2. Compute the 3rd order transformation in x and y between two coordinate systems. A record called "m51.coo" will be written in the database file "database". This record supersedes the one of the same name written in example 1.
cl> geomap m51.coo database 1. 512. 1. 512. xxo=4 xyo=4 \ >>> yxo=4 yyo=4 xxt=full yxt=full inter-
3. Register a 500 by 500 image of m51 to an 800 by 800 image of the same field taken with a different instrument, and display the original 800 by 800 image and the transformed image. Use the default fitting parameters.
cl> geomap m51.coo database 1.0 800.0 1.0 800.0 cl> gregister m51.500 m51.500.out database m51.coo cl> display m51.800 1 fi+ cl> display m51.500.out 2 fi+
4. Use the above transform to transform a list of object pixel coordinates in the m51.800 image to their pixel coordinates in the m51.500 system.
cl> geoxytran m51.800.xy m51.500.xy database m51.coo
5. Transform object pixel coordinates in the m51.500 image to their pixel coordinates in the m51.800 image.
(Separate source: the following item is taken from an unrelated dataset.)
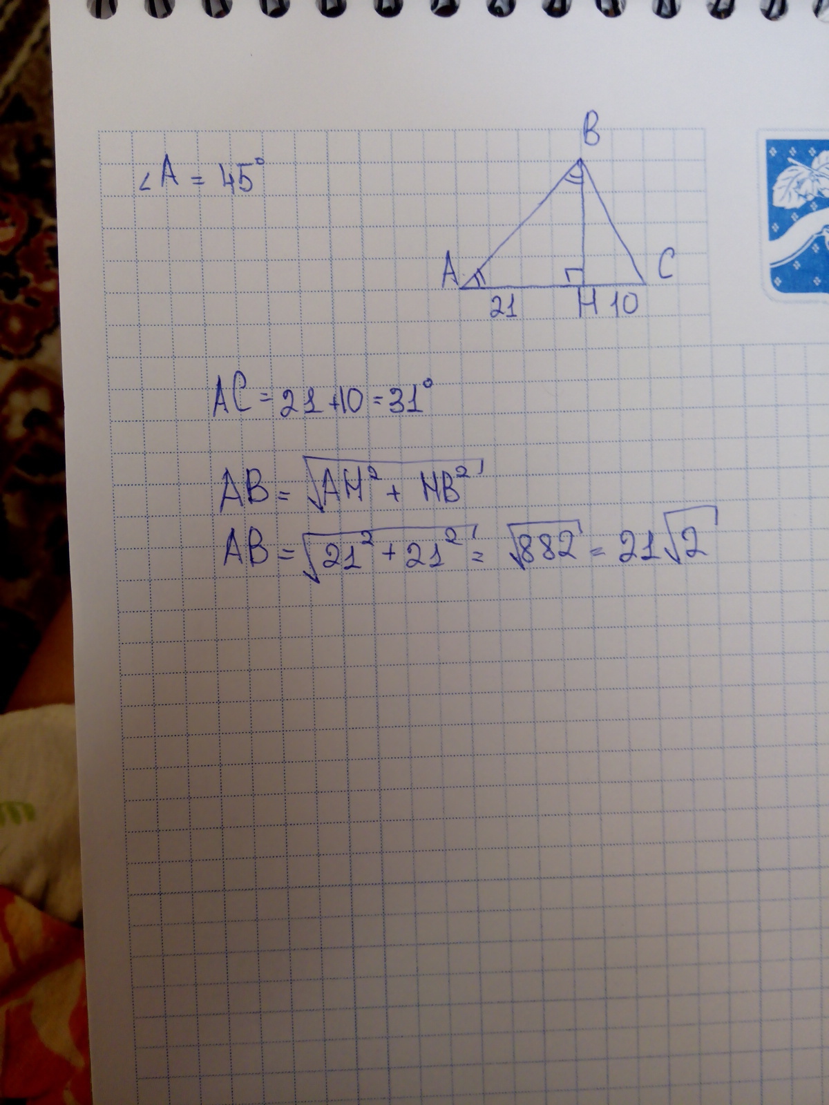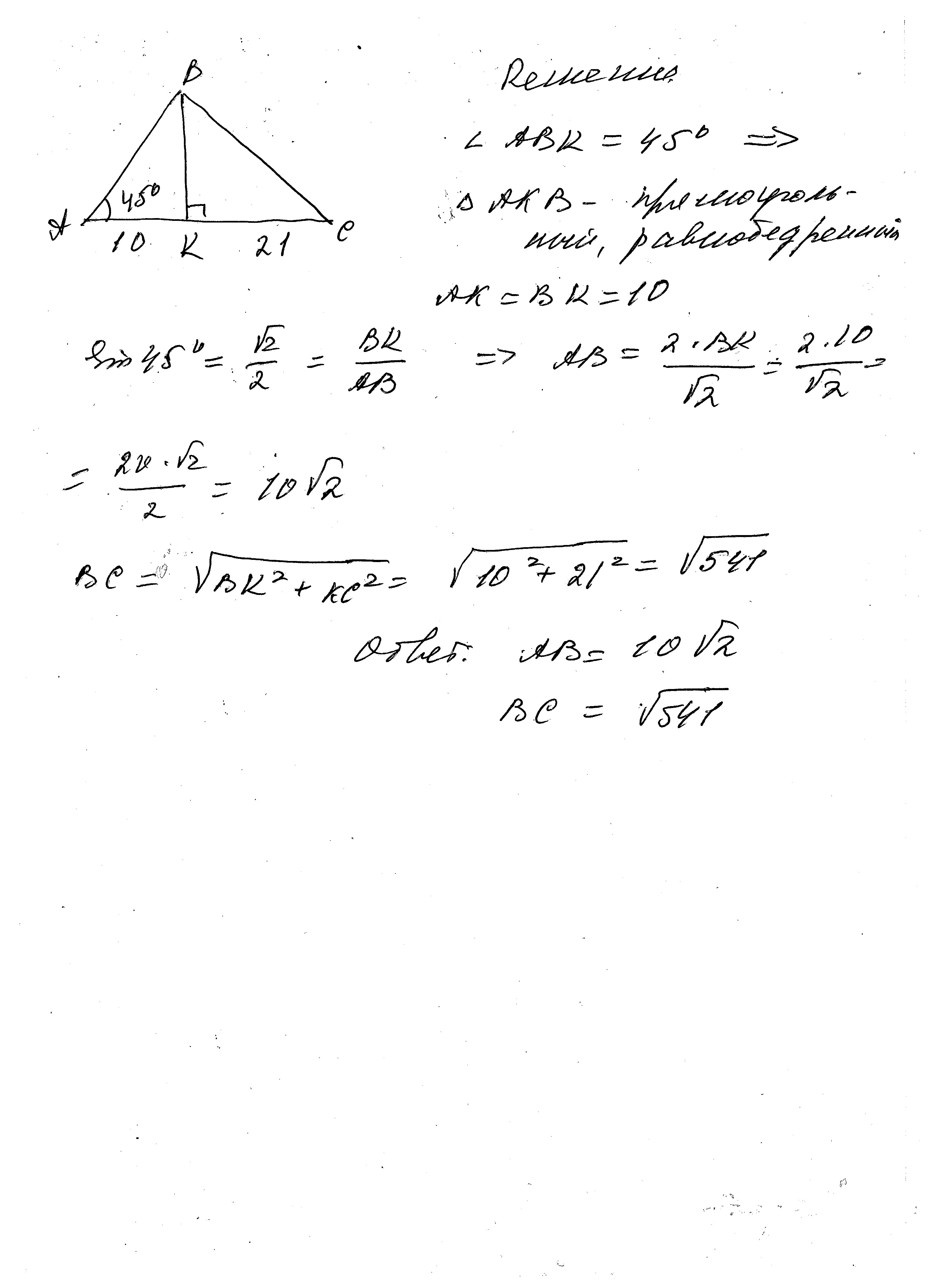 В треугольнике ABC, угол A=45 градусов, из вершины B проведена высота которая делит AC на отрезки 10 и 21 см. Найти стороны AB и AC.

Note that to do this the roles of the reference and input coordinates defined in example 3 must be reversed and the inverse transform must be computed.
cl> fields m51.coo 3,4,1,2 > m51.coo.inv cl> geomap m51.coo.inv database 1.0 512.0 1.0 512.0 cl> geoxytran m51.512.xy m51.800.xy database m51.coo.inv
6. Compute 3 different transforms, store them in the same database file, and use them to transform 3 different images. Use the original image names as the database record names.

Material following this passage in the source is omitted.